At the age of 82, stooped, gnarled hands, knobbly knees … i pause and marvel at this body that houses me. I feel my heart beat. Steady. My blood thrums in my veins. My brain is sharp. I know the clock is ticking but so far my body and mind have stood rock solid by me for all these years.
I’ve experienced joy, love, sorrow, loss. My heart has sung and it has ached. My liver has too.
In my 20s, i didn’t give my body a thought. It was there and i pushed it as far as i could. I whipped it. I disregarded it. I took pleasure from it. I took it for granted. It absorbed all the pressure and unpredictability i put it through and yet, it stuck with me. It must have complained. It must have felt abused. I couldn’t have cared less. I was young and i was driven.

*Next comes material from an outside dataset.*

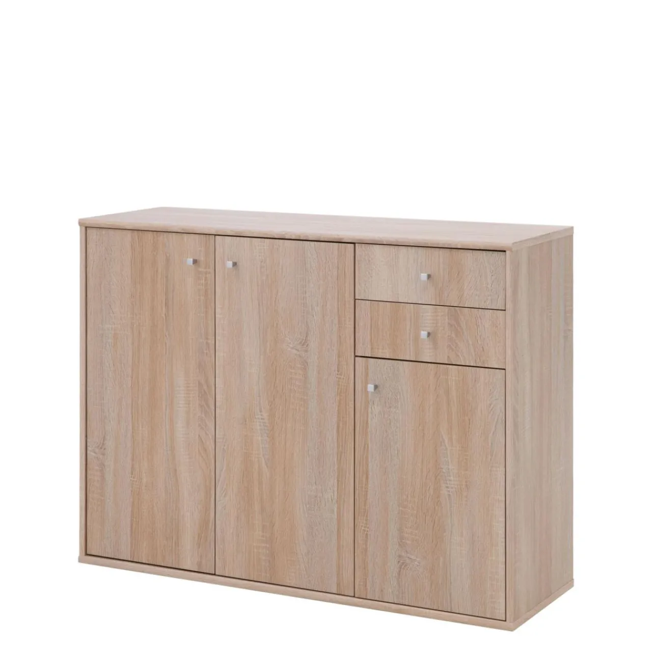 Doskonałym przykładem wykorzystania tej przestrzeni jest model komody wyposażony w 3 drzwi oraz 2 szuflady, w całości wykonany z płyty meblowej i wykończony folią.

I was the master of my destiny.
As i grew older, i had to get my machine serviced from time to time. A fracture. Pneumonia. Appendicitis. Flu. Heart attack. Diminished eye sight. Diminished hearing. Stuff. Each breakdown reminded me of its value. This wonderful machine that works so hard. Relentlessly. No weekends off. No power naps. No holidays. Definitely, no vacation. It keeps at it. Noiselessly. On and on. I feel such admiration and awe for this incredible gift. There is nothing i wouldn’t do for it as appreciation.
Maybe, its that partnership I formed with my body that allowed it to give me its best. Or maybe I’m one of the lucky ones. Whatever it is … i am grateful.
I pray I’m also one of those lucky ones to pass over in my sleep. Peaceful and happy.